* [Information supplied]
————
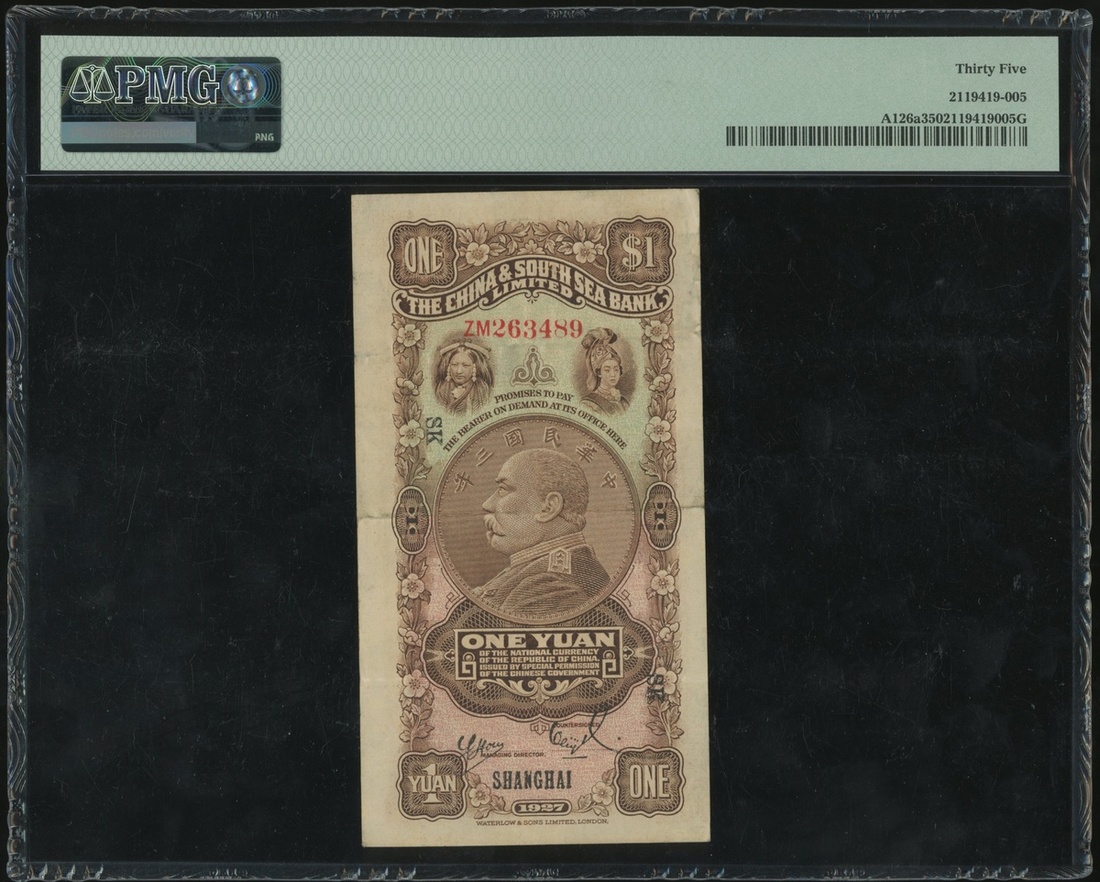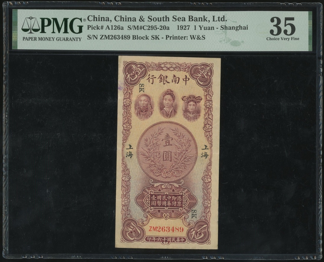 China & South Sea Bank Limited, 1 yuan, Shanghai, Year 16(1927), block SK, serial number ZM263489, (Pick A126a), PMG 35 Choice Very Fine, rare in any grade
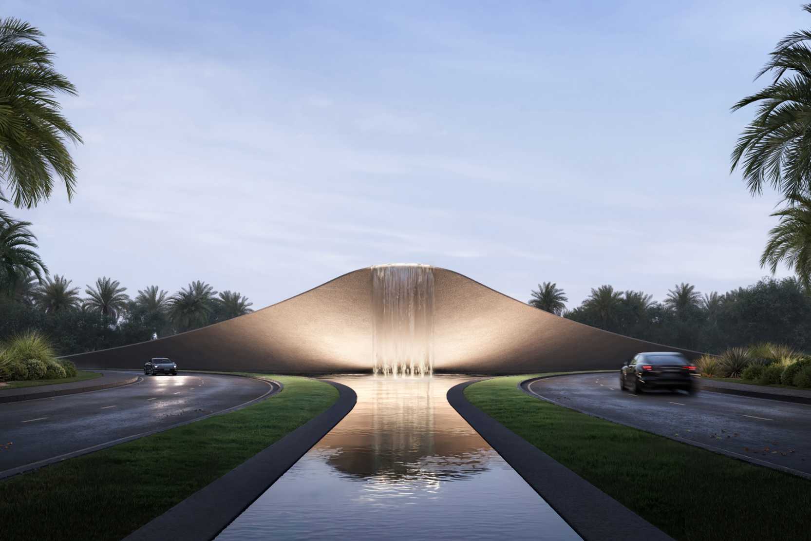 An organic spiral design that surrounds a spacious patio with landscaping. Entering the building reveals an inviting hidden gem. The stables' iconic design is set to become a major worldwide landmark in the equestrian industry.
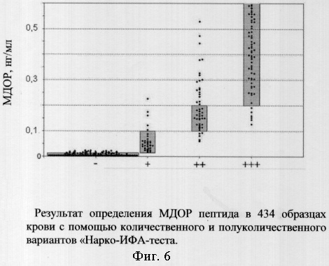 На фиг.6 представлены результаты тестирования 434 образцов крови, из которых 218 пациентов употребляли опийные наркотики. Концентрация МДОР пептида, определенная с помощью полу- и количественного «Нарко-ИФА-теста», варьировалась в широком диапазоне от <0,05 до 0,60 нг/мл. Значения МДОР пептида распределялись следующим образом: 227 образцов показали концентрацию МДОР 0,05 нг/мл и 207 образцов в пределах от 0,1 до 0,60 нг/мл. Определение основных характеристик тестов показали чувствительность выявления заболевания 93% и специфичность выявления здоровых лиц 98%. Фальш-положительный ответ определен в 4 случаях и фальш-отрицательный ответ – в 15 случаях.
————
* [Task objective] Write out the whole listing again, exactly, with no pictures.

* [Output below]
 China & South Sea Bank Limited, 1 yuan, Shanghai, Year 16(1927), block SK, serial number ZM263489, (Pick A126a), PMG 35 Choice Very Fine, rare in any grade
 An organic spiral design that surrounds a spacious patio with landscaping. Entering the building reveals an inviting hidden gem. The stables' iconic design is set to become a major worldwide landmark in the equestrian industry.
 На фиг.6 представлены результаты тестирования 434 образцов крови, из которых 218 пациентов употребляли опийные наркотики. Концентрация МДОР пептида, определенная с помощью полу- и количественного «Нарко-ИФА-теста», варьировалась в широком диапазоне от <0,05 до 0,60 нг/мл. Значения МДОР пептида распределялись следующим образом: 227 образцов показали концентрацию МДОР 0,05 нг/мл и 207 образцов в пределах от 0,1 до 0,60 нг/мл. Определение основных характеристик тестов показали чувствительность выявления заболевания 93% и специфичность выявления здоровых лиц 98%. Фальш-положительный ответ определен в 4 случаях и фальш-отрицательный ответ – в 15 случаях.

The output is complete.